Notas sobre as Notas

Notas sobre as notas (n. 14)

Publicado em 03/04/2019

NOTAS SOBRE AS NOTAS (n. 14)

Des. Ricardo Dip

SOBRE A CREDIBILIDADE DO NOTÁRIO (segunda parte)

  O dever de veracidade é universal, porque a verdade é o fim do entendimento humano, de sorte que, para a perfeição de sua natureza, todo homem é vocacionado a alcançar a verdade. Se, por exemplo e dada sua influência na civilização ocidental, tomarmos em consideração a doutrina cristã, passagens expressivas, a propósito, vinculavam, já no Antigo Testamento, a verdade ao amor -e, com efeito, a verdade é o bem da vontade, tanto quanto o bem é a verdade da inteligência (vide os Salmos ns. 24, 10; 56, 11; 84, 11); mais incisivamente, a verdade é o próprio Deus para o cristianismo: lê-se no Evangelho joanino, 14, 6: Dicit ei Iesus: Ego sum via et veritas et vita.

Este dever não é apenas individual, mas político, porque, se o homem tende por natureza à verdade, tem direito a ela, por justiça, nas suas relações sociais. Em palavras de Martin Rhonheimer, a mentira -ainda aquela a que falte a intenção de enganar (intentio fallendis)- sempre deteriora a comunicação humana e, com isto, deprime a relação de justiça entre os homens.

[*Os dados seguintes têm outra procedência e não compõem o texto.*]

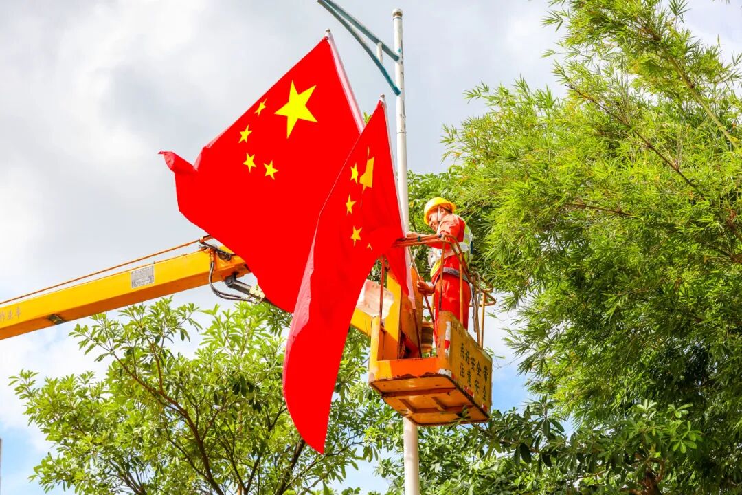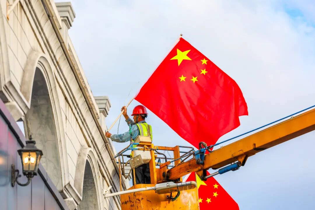 工人们细致作业,将一面面鲜艳的国旗逐一固定在路灯杆上,力求排布规整、安装牢固兼具美观与庄重。
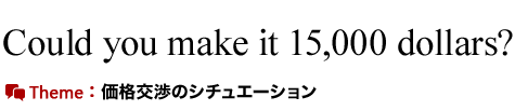 make itは一般的に「作る」と訳されますが、このほかにも、実現させる、構成する、正しくする、など、ビジネス英語では必須の多用される動詞です。この例文では、こちらの事情や条件に合わせて、「融通を利かせて欲しい」「やりくりして欲しい」などの意味となります。Could you make it 15,000 dollars?
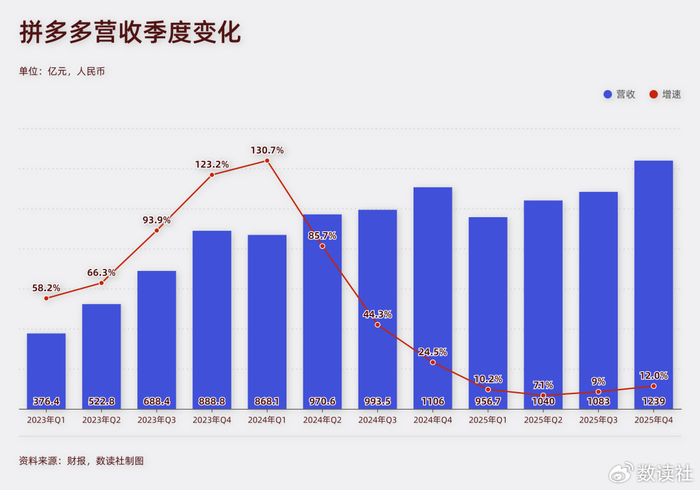 2025年四个季度,拼多多有两个季度的营收,超越了阿里中国电商集团的电商板块。
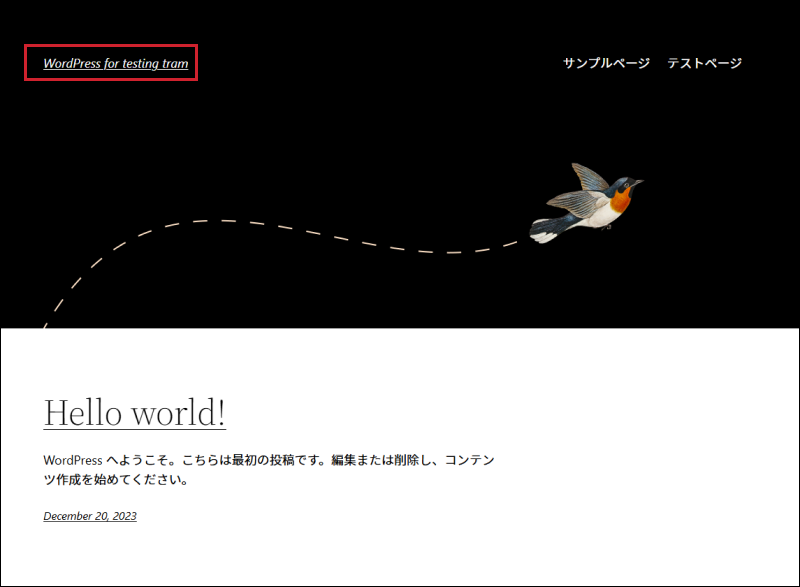切り替えが完了したら、先ほど翻訳して保存したサイト名の部分を確認してください。上記キャプチャの赤丸部分が翻訳された内容になっているはずです。
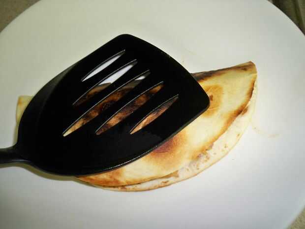 Poner en un plato y doblar inmediatamente. Utilice una espátula y precaución. La quesadilla es loco caliente.

Essa universalidade do verum como fim que é de todos os homens, todavia, não impede que haja gradações na variedade -quer objetiva, quer subjetiva-  do dever de observância da verdade. Assim, uma facécia (mendacium jocosum), por exemplo, e ainda que ela possa merecer, em dados quadros, algum gênero de censura, não constitui violação moral gravosa, sempre que se considerem seu significado e a intenção de gracejar.

Também subjetivamente, há pessoas de que mais graduadamente se espera a fidelidade da palavra, e entre elas está quem, por ofício, exercita as magistraturas, seja a política, seja a repressiva, seja, ao fim, a magistratura da paz jurídica, própria dos notários e registradores públicos.

S. Agostinho escreveu dois interessantes opúsculos sobre a mentira. O primeiro deles, De mendacio, redigido entre os anos 394 e 395; o segundo, Contra mendacium, redigido entre 420 e 422. Naquele, que começa com uma sentença muito significativa: “a mentira é um grande problema” (magna quæstio est de mendacio), conceitua mentir “o que tem uma coisa na mente e expressa-a diversamente por meio de palavras ou outros signos”, ensinando não ser nunca moralmente lícita a mentira, porque não cabe fazer o mal para que dele venha o bem (ou seja, os fins não justificam os meios). E, no Contra mendacium, dirá, fortemente, não ser verdade que alguma vez se possa mentir, pois que mentira alguma pode ser justa: “não há um pecado justo, como não há coisa injusta que seja justa”

Por sua vez, S.Tomás de Aquino -para quem a mentira é o que se diz contra a mente (mendacium nominatur ex eo quod contra mentem dicitur)- trata, com expresso apoio também no De mendacio agostiniano, na questão 110 da IIa.-IIæ. da Suma teológica, dos vícios opostos à veracidade. A noção de mentira ali se divide em três espécies: (i) a do falso material (mera expressão de mentira, sem vontade de mentir, nem intenção de enganar: falsitas materialiter); (ii) a do falso formal (a mentira exprimida com a vontade de enunciar o falso: falsitas formaliter vel propter voluntatem); (iii) a do falso efetivo, em que há a intenção de enganar (falsitas effective) e constitui uma certa consequência ou aperfeiçoamento da mentira (cf., especialmente, o ad3um da q. 110).

Diz na sequência o Aquinate que a mentira é má por natureza –mendacium (…) est malum ex genere-, sendo “antinatural (innaturale) e alheio da ordem devida significar por uma palavra ou gesto o que não se tem no pensamento”.

Mas por quais motivos fundamentais alguém é levado a mentir?